Une semaine que je vous néglige cher amis et membres de famille! Voilà, je suis dans les examens, et je suis parti en voyage pendant trois jours au beau milieu de nulle part, j'ai donc un récit et des photos. Il y a donc d'autres entrées à venir parce que mes étudiants m'ont testés d'une manière tout simplement ridicule et j'ai dû gardé mon sang-froid pour ne pas leur apprendre les bonnes manières. Indice de ce qui s'en vient : tricher pendant l'examen. Ce sera croustillant, je vous le promets.

Bon, comment on passe la veille du Nouvel An ici? Bon, j'ai su lundi qu'il n'y avait pas de cours jeudi et vendredi. J'avais planifié un test pour la classe du vendredi, mon dernier d'ailleurs, mais aucun élève n'a pris le soin de me mentionner ce détail. D'autant plus que c'est la responsabilité du département des langues. On me l'avait dit : si tu demandes pas, tu n'auras pas de réponse. Manque de professionnalisme qui m'excède un peu, puisque j'aurais remis le test à une autre plage horaire. Je me retrouve avec 10 jours entre l'avant dernier test et le dernier. C'est pas la galère, je ne suis pas le seul.

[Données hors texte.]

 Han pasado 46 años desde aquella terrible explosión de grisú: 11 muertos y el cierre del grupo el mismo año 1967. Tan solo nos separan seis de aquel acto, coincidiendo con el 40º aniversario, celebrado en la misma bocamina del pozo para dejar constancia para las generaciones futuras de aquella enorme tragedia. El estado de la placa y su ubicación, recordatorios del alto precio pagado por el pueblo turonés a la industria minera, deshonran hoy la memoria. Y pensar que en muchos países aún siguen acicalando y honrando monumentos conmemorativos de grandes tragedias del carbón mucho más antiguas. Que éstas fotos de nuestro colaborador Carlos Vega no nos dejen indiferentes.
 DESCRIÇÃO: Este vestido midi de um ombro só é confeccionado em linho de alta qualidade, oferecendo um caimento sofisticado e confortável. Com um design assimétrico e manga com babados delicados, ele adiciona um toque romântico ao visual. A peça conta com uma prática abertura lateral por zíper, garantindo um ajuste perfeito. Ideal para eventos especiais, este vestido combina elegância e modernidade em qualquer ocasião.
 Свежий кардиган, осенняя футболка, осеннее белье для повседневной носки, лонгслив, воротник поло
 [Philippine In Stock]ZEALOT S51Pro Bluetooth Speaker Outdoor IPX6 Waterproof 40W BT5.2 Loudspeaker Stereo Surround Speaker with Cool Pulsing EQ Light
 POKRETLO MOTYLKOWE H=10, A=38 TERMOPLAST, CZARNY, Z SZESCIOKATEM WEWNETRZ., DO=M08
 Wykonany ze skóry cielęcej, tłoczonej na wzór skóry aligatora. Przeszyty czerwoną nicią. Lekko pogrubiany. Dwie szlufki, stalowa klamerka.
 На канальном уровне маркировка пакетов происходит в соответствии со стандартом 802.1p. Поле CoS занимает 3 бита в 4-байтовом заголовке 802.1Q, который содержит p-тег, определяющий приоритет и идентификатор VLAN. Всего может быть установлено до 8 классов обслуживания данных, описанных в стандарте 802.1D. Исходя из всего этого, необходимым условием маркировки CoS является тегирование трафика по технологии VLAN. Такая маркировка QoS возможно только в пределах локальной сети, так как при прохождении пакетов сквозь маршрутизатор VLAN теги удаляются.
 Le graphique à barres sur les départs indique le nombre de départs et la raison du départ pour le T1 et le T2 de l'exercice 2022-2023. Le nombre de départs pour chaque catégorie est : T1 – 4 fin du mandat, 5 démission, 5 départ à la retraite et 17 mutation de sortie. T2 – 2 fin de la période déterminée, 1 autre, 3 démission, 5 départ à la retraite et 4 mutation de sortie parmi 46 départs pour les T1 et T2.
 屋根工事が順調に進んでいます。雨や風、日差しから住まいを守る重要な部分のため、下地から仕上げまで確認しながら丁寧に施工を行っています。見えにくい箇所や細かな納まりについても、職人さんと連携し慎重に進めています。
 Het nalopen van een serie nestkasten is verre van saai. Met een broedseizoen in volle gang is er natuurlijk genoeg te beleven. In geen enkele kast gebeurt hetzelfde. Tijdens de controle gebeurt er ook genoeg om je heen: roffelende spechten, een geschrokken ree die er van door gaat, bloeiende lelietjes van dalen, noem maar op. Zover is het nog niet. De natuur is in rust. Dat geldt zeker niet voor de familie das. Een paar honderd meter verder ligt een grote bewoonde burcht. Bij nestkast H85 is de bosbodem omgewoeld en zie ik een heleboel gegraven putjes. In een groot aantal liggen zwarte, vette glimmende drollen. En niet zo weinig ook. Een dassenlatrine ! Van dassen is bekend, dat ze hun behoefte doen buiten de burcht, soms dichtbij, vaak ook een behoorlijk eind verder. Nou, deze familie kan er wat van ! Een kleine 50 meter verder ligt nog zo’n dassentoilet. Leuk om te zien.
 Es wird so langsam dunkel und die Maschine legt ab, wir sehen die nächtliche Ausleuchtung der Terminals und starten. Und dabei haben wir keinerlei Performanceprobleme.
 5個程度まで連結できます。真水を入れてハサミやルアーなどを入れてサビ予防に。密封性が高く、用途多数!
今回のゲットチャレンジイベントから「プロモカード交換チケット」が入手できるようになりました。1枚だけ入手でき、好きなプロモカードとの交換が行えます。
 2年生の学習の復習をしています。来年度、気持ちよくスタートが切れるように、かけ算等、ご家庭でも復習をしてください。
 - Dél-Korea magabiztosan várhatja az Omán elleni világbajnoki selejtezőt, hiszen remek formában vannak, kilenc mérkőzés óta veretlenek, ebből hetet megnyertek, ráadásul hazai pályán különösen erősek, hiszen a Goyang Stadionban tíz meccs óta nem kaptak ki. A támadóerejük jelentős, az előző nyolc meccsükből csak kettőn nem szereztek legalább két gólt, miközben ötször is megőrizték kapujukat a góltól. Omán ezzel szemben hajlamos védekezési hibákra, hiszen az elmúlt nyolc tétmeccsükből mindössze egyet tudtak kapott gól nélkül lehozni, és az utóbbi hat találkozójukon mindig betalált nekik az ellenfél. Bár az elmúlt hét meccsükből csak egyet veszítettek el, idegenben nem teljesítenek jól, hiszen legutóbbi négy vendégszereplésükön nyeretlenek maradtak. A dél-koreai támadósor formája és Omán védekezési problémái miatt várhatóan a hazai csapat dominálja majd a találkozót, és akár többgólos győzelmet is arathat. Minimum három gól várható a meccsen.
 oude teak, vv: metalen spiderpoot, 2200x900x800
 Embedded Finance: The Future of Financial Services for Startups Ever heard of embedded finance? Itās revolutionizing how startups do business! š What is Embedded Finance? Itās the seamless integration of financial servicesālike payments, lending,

La soirée a commencé avec un spectacle. Celui-ci avait été planifié par les étudiants et les profs en langue coréenne. Or, Ming Wei étant chinois, il est aussi professeur de langues coréennes. Nous y allons tous. Je n'y comprends rien bien sûr, mais on me dit que leur coréen se situe entre : pas mal et déficient. Néanmoins, quelques numéros sont réussi. Il faut dire que les chinois n'ont pas peur de faire se travestir pour faire de l'humour. Cela n'implique aucunement qu'ils sont gais. Même si pour l'occidental moyen, c'est très efféminé et absolument pas viril. Aussi, il y a eu un numéro de danse avec trois filles et un homme, sur une chanson très populaire en Corée. Les filles manquaient de fluidité et pataugeaient dans une mécanique corporelle qui suffisait au spectacle. Le gars par contre, dansait comme un fif. Désolé, c'est la seule équivalence qui me vient en tête, mais c'est le sens le plus respectueux du terme. Je ne voudrais pas me faire taxer d'homophobe. Il était vraiment génial et le public en redemandait. En parlant avec les asiatiques, je me rends compte que même si l'homosexualité est tabou et amène presque qu'au bannissement, les règles démarquant les hommes des femmes sont très poreuses. Probablement parce que l'écart physique entre les hommes et les femmes est très mince. Pas de barbe, pas de généreuse poitrine, la silhouette est pratiquement identique, les traits du visage aussi. C'est à méditer.

Pour ce qui est des festivités, nous avons été dans le bar le plus branché(dans le sens le plus en retard du mot, nous sommes en Chine reculée quand même) pour danser et boire. C'est 20 yuans pour de la Budweiser. Définitivement la meilleure bière que j'ai bu en Chine, même si c'est un agencement de produits chimiques malsain. Les Américains se sont commandé d'office une bouteille de whisky. Je suis resté sur la Bud 4% toute la soirée. Pas de shot, pas de fort, puisqu'ils ne se vendent qu'à la bouteille. On a ben du fun, on danse un peu. Ce qui m'a impressionné le plus, c'est bien la musique. De la bonne musique électronique avec un bon beat, assez pour pas que je n'aille pas besoin de me soûler pour me déhancher. On nous a remis deux billet à l'entrée pour le tirage. Des bières, deux calinours roses, et une superbe bouteille de Chivas(qui vaut au moins 700 yuans). La Coréenne est en charge. Et paf! on gagne! Elle se dirige vers le MC, en criant et gesticulant comme une participante de Price is Right. Elle obtient.... le nounours. Roger, l'américain, veut et exige cette bouteille de Chivas, au contenu si délicieux. Le tirage avance et paf! On gagne avec le deuxième billet. Elle se dirige vers le MC, en criant et gesticulant comme une fan finie des Backstreet boys. Eh oui, mesdames et messieurs, nous avons la bouteille de Chivas. In-croy-able. Vraiment de la chance de débutant, nous avons gagné 2 prix sur 5, dont le plus convoité. Je vais m'en rappeler longtemps de celle-là.

Beaucoup de plaisir et de souvenirs. Je vais mettre des photos sur facebook bientôt.

Photos : Parviz, un Stan boy. Une qui démontre sa ressemblance avec Bibi, et l'autre qui pointe son dégat. Il m'a renversé du vin sur la tête qui m'a coulé sur l'épaule, qui portait un estie de beau chandail.